*PROBLEM REQUIREMENTS*:
Transcribe the listing below word for word but skip its images.

*GIVEN ENTRIES*:
■ ■ ■ ■
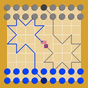 Blue and Gray is a strategy board game for two players invented by Henry Busch and Arthur Jaeger in 1903.[1] They obtained a patent for the game, but may never have published it. The name Blue and Gray "refers to the uniforms of the South and the North in the Civil War and in the original game the playing pieces of the contestants were of those colors."[1] Blue and Gray is a variant of checkers.[lower-alpha 1]
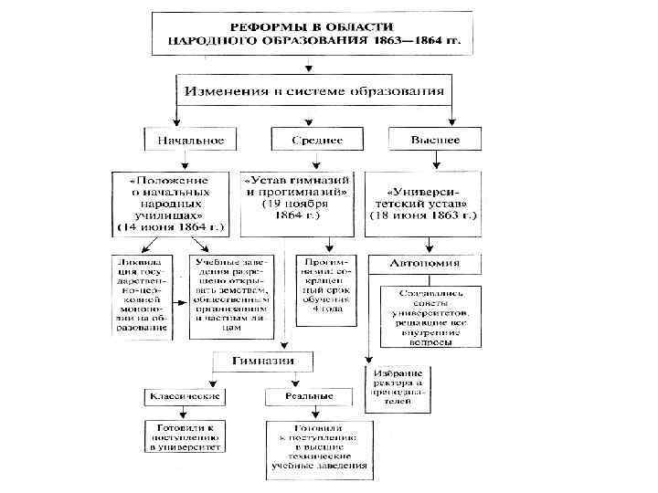 Реформы в области народного образования 1863 -1864 гг. Начальное образование Среднее образование «Положение о начальных народных училищах» 1864 г. «Положение гимназий и прогимназий» 1864 г. Учебные заведения могли открывать земства, общественные организации, частные лица + женские гимназии Прогимназии (4 года обучения) Гимназии Реальные Готовили к поступлению в высшие технические учебные заведения Высшее образование «Университетский устав» 1863 г. Автономия (выборность ректоров, проректоров, деканов, профессоров; создание советов университетов) Классические Готовили к поступлению в университет Образование стало более доступным для представителей различных сословий
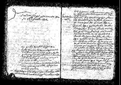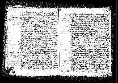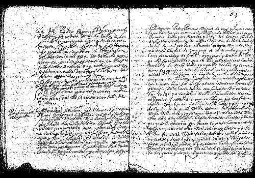 | Descripción: Convocado el Concejo General de la villa de Bielsa por llamamiento de Florián Pañart corredor presentes Antonio Cabrer, Juan Valler y Ramón Jorge, jurados; de una parte y de la otra Pedro Viñau y Antonia [en blanco] cónyuges habitantes en dicha villa capitulan sobre la administración de la capilla y... |
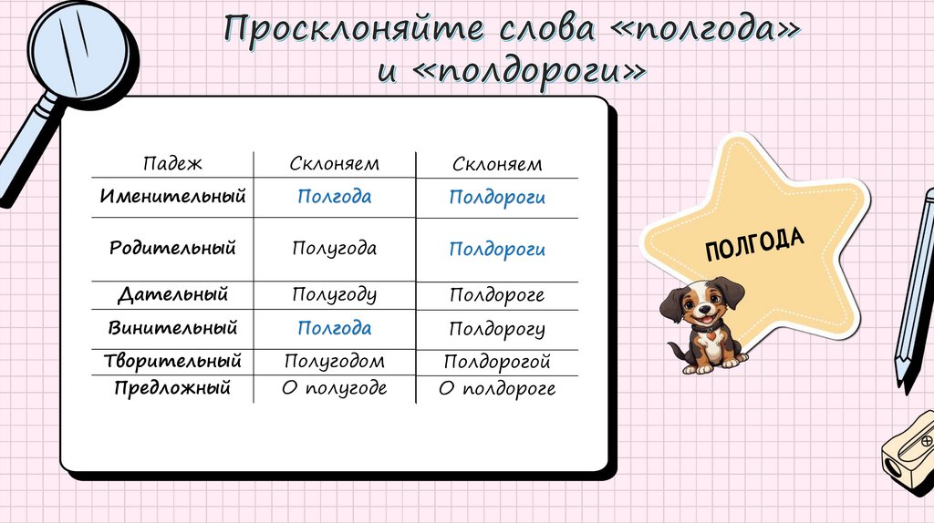 (пол)семестра, (пол)часа, (пол)станции, (пол)зарплаты,
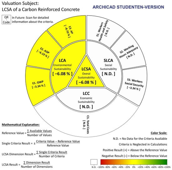 To prove the applicability of the LCSA-Wheel and provide a short example, an implementation of LCSA results for carbon reinforced concrete based on previous studies [30,31] is conducted in the following. The system boundary is defined as cradle-to-gate, and the functional unit is defined as a double wall made of carbon reinforced concrete—based on and as a continuation of a previous LCA.
■ ■ ■ ■
*YOUR SOLUTION*:
 Blue and Gray is a strategy board game for two players invented by Henry Busch and Arthur Jaeger in 1903.[1] They obtained a patent for the game, but may never have published it. The name Blue and Gray "refers to the uniforms of the South and the North in the Civil War and in the original game the playing pieces of the contestants were of those colors."[1] Blue and Gray is a variant of checkers.[lower-alpha 1]
 Реформы в области народного образования 1863 -1864 гг. Начальное образование Среднее образование «Положение о начальных народных училищах» 1864 г. «Положение гимназий и прогимназий» 1864 г. Учебные заведения могли открывать земства, общественные организации, частные лица + женские гимназии Прогимназии (4 года обучения) Гимназии Реальные Готовили к поступлению в высшие технические учебные заведения Высшее образование «Университетский устав» 1863 г. Автономия (выборность ректоров, проректоров, деканов, профессоров; создание советов университетов) Классические Готовили к поступлению в университет Образование стало более доступным для представителей различных сословий
 | Descripción: Convocado el Concejo General de la villa de Bielsa por llamamiento de Florián Pañart corredor presentes Antonio Cabrer, Juan Valler y Ramón Jorge, jurados; de una parte y de la otra Pedro Viñau y Antonia [en blanco] cónyuges habitantes en dicha villa capitulan sobre la administración de la capilla y... |
 (пол)семестра, (пол)часа, (пол)станции, (пол)зарплаты,
 To prove the applicability of the LCSA-Wheel and provide a short example, an implementation of LCSA results for carbon reinforced concrete based on previous studies [30,31] is conducted in the following. The system boundary is defined as cradle-to-gate, and the functional unit is defined as a double wall made of carbon reinforced concrete—based on and as a continuation of a previous LCA.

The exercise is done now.